» Exercise requirements: Every line of the listing should be retyped exactly, but none of the pictures should be.

» Given information:
▬▬▬
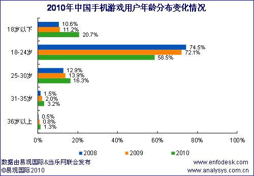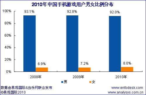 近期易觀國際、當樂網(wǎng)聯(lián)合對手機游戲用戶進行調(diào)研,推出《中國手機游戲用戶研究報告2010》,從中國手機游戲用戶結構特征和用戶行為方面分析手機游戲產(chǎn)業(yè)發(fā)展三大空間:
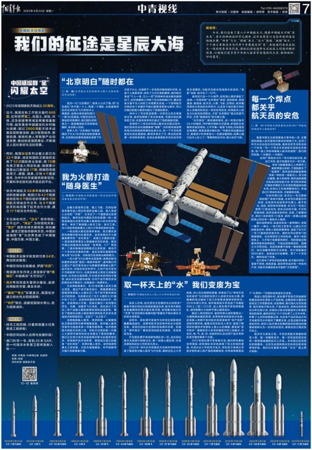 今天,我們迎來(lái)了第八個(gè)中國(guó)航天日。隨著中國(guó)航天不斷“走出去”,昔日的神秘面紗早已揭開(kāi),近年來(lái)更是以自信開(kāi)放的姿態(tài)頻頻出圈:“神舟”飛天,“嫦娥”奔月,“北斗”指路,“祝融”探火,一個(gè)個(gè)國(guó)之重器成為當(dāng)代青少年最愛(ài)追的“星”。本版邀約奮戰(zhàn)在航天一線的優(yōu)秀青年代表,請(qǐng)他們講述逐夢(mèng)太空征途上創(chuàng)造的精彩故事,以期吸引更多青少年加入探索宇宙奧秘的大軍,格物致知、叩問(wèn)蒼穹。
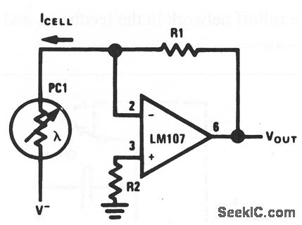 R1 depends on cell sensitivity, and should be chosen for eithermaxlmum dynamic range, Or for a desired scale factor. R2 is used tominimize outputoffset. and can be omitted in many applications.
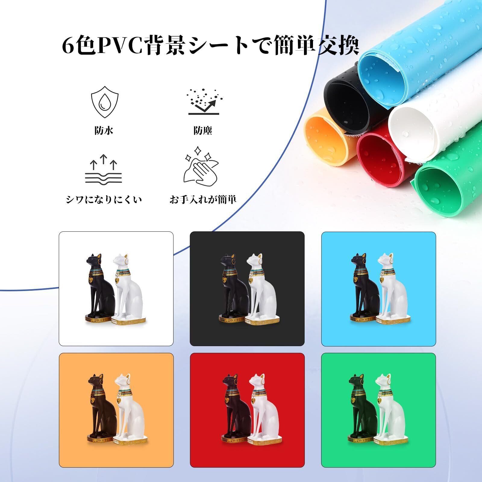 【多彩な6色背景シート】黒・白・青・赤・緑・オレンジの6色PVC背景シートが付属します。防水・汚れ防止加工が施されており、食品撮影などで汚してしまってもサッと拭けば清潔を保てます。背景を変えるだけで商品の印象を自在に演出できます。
▬▬▬
» Task result:
 近期易觀國際、當樂網(wǎng)聯(lián)合對手機游戲用戶進行調(diào)研,推出《中國手機游戲用戶研究報告2010》,從中國手機游戲用戶結構特征和用戶行為方面分析手機游戲產(chǎn)業(yè)發(fā)展三大空間:
 今天,我們迎來(lái)了第八個(gè)中國(guó)航天日。隨著中國(guó)航天不斷“走出去”,昔日的神秘面紗早已揭開(kāi),近年來(lái)更是以自信開(kāi)放的姿態(tài)頻頻出圈:“神舟”飛天,“嫦娥”奔月,“北斗”指路,“祝融”探火,一個(gè)個(gè)國(guó)之重器成為當(dāng)代青少年最愛(ài)追的“星”。本版邀約奮戰(zhàn)在航天一線的優(yōu)秀青年代表,請(qǐng)他們講述逐夢(mèng)太空征途上創(chuàng)造的精彩故事,以期吸引更多青少年加入探索宇宙奧秘的大軍,格物致知、叩問(wèn)蒼穹。
 R1 depends on cell sensitivity, and should be chosen for eithermaxlmum dynamic range, Or for a desired scale factor. R2 is used tominimize outputoffset. and can be omitted in many applications.
 【多彩な6色背景シート】黒・白・青・赤・緑・オレンジの6色PVC背景シートが付属します。防水・汚れ防止加工が施されており、食品撮影などで汚してしまってもサッと拭けば清潔を保てます。背景を変えるだけで商品の印象を自在に演出できます。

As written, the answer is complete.